* Requirement:
A faithful copy of the data is the goal; set it down exactly, without the images.

Stored items from a collection
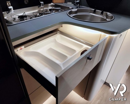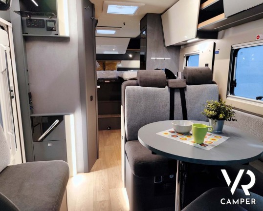 Motorhome dalla struttura aperta e spaziosa, con altezza interna di 210 cm. L'unione perfetta di leggerezza, praticità e inconfondibile stile italiano.
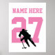 Female hockey player. Personalized Hockey Player Number pink hockey poster. Enter name and number to customize.
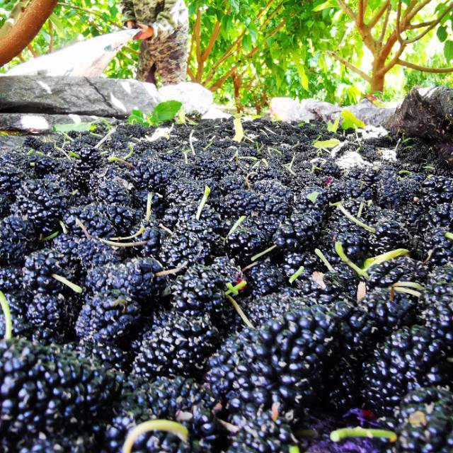桑葚成熟的时候,在树下铺上塑料布,将成熟桑葚摇落,未成熟的会挂在树梢继续生长,留待它们熟透后,再一次摇落,桑葚成熟期有将近一个月时间,这一个月时间内,需要多次进行采摘。
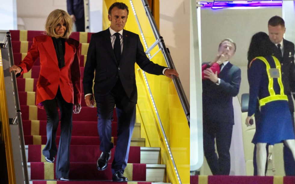 The French president lands in Vietnam, the door of the government plane opens, and suddenly, Emmanuel Macron puts his hand to his face. What appears to have been a resounding slap in the face from his wife, Brigitte, was said to have been something else entirely, according to the
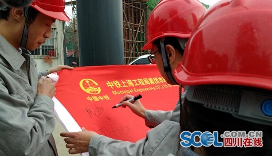 成都地鐵7號線二標正在緊張施工,作為該標段施工企業(yè)中鐵上海局21日啟動了“首屆廉潔文化宣全周”活動。現(xiàn)場,還進行了廉潔從業(yè)承諾簽名。

* Response box:
 Motorhome dalla struttura aperta e spaziosa, con altezza interna di 210 cm. L'unione perfetta di leggerezza, praticità e inconfondibile stile italiano.
 Female hockey player. Personalized Hockey Player Number pink hockey poster. Enter name and number to customize.
桑葚成熟的时候,在树下铺上塑料布,将成熟桑葚摇落,未成熟的会挂在树梢继续生长,留待它们熟透后,再一次摇落,桑葚成熟期有将近一个月时间,这一个月时间内,需要多次进行采摘。
 The French president lands in Vietnam, the door of the government plane opens, and suddenly, Emmanuel Macron puts his hand to his face. What appears to have been a resounding slap in the face from his wife, Brigitte, was said to have been something else entirely, according to the
 成都地鐵7號線二標正在緊張施工,作為該標段施工企業(yè)中鐵上海局21日啟動了“首屆廉潔文化宣全周”活動。現(xiàn)場,還進行了廉潔從業(yè)承諾簽名。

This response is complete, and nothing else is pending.